● **Recorded data**
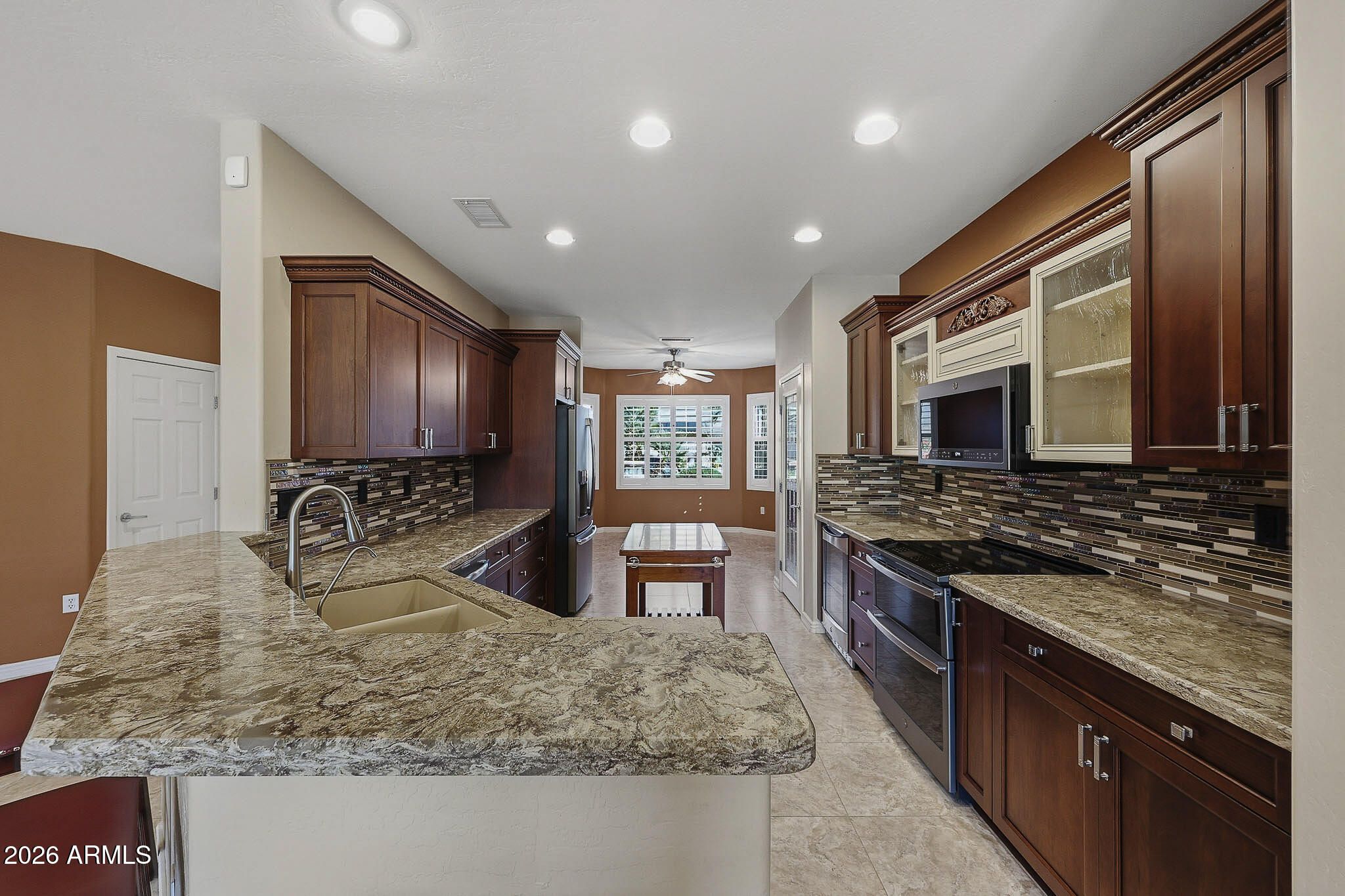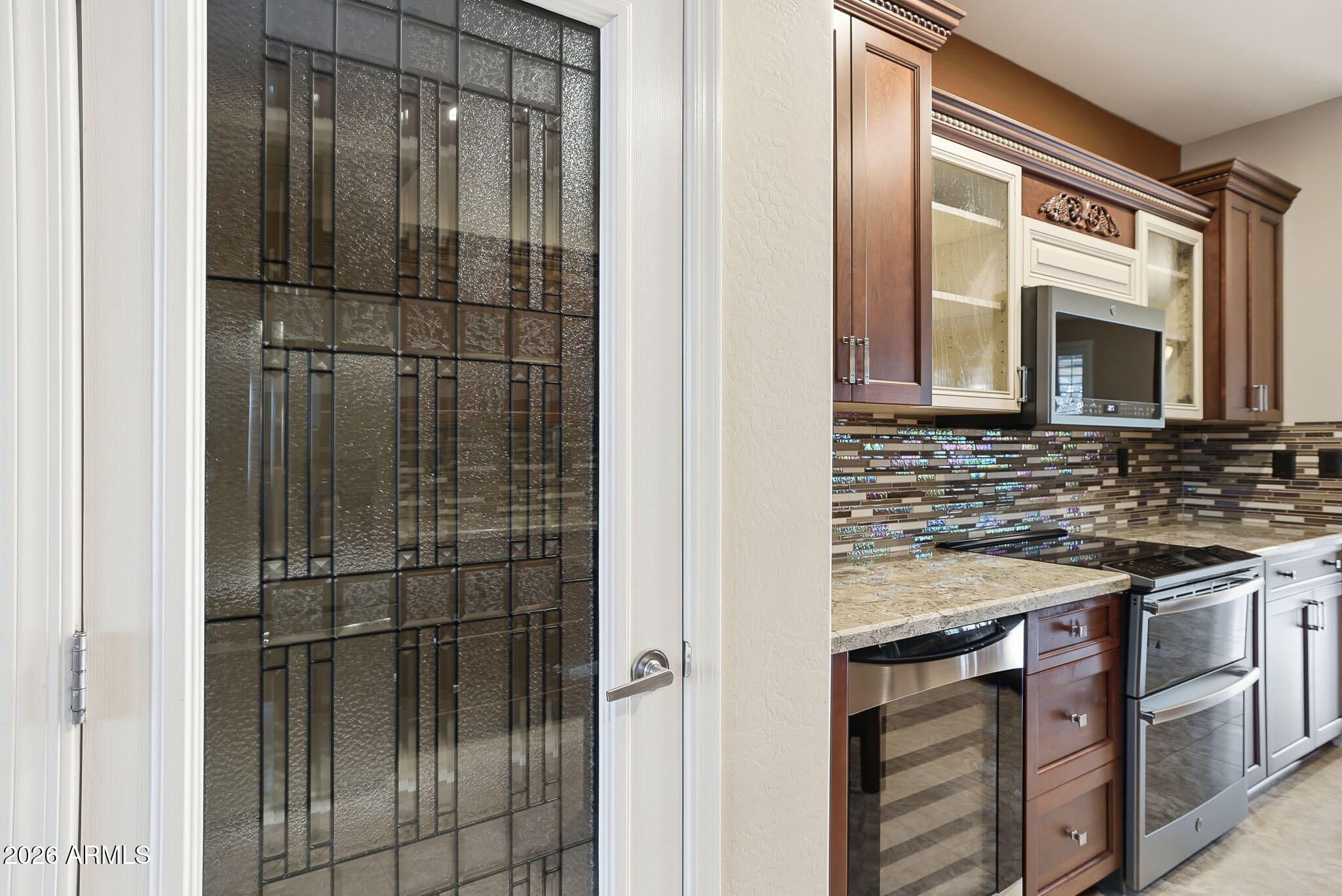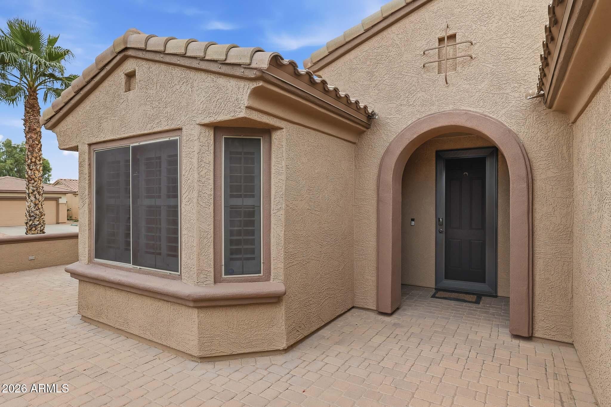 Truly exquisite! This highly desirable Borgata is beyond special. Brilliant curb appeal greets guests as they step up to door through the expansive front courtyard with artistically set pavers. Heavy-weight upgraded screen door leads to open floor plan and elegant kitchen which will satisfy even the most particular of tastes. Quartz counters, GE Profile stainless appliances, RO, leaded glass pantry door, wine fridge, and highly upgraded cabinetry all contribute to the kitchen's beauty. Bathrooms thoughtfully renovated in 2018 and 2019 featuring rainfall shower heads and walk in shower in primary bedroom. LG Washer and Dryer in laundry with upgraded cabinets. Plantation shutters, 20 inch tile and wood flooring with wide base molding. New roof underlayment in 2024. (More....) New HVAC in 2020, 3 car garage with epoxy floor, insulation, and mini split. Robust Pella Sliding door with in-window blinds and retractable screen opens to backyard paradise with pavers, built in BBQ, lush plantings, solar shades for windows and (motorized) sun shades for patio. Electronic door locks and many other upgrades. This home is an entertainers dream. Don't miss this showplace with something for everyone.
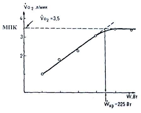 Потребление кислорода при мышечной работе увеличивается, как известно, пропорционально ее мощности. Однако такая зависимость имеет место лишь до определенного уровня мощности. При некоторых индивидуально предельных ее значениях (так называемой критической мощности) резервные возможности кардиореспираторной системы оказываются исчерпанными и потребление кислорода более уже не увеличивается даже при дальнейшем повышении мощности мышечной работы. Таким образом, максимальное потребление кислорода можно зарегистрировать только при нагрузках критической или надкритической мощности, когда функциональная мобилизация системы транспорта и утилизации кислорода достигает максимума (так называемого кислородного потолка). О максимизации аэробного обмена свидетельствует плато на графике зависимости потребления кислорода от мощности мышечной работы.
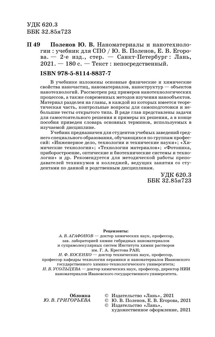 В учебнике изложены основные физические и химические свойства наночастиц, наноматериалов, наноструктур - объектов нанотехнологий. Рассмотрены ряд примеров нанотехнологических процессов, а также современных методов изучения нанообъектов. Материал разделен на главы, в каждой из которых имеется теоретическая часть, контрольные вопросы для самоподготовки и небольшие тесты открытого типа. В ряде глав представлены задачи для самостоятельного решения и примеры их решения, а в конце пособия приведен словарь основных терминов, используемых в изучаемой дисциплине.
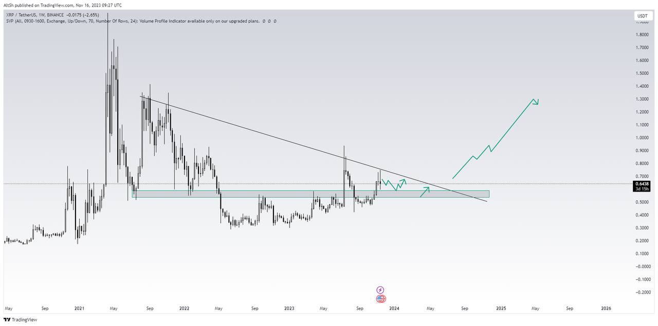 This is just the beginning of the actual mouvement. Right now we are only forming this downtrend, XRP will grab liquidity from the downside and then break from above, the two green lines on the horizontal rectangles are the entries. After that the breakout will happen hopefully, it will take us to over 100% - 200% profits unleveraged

● **Your goal**
Beginning with the line that holds "В учебнике изложены", write out exactly the lines down to the end of the material above, and no others. Pictures are not part of the copy.

● **Solution to the problem**
 В учебнике изложены основные физические и химические свойства наночастиц, наноматериалов, наноструктур - объектов нанотехнологий. Рассмотрены ряд примеров нанотехнологических процессов, а также современных методов изучения нанообъектов. Материал разделен на главы, в каждой из которых имеется теоретическая часть, контрольные вопросы для самоподготовки и небольшие тесты открытого типа. В ряде глав представлены задачи для самостоятельного решения и примеры их решения, а в конце пособия приведен словарь основных терминов, используемых в изучаемой дисциплине.
 This is just the beginning of the actual mouvement. Right now we are only forming this downtrend, XRP will grab liquidity from the downside and then break from above, the two green lines on the horizontal rectangles are the entries. After that the breakout will happen hopefully, it will take us to over 100% - 200% profits unleveraged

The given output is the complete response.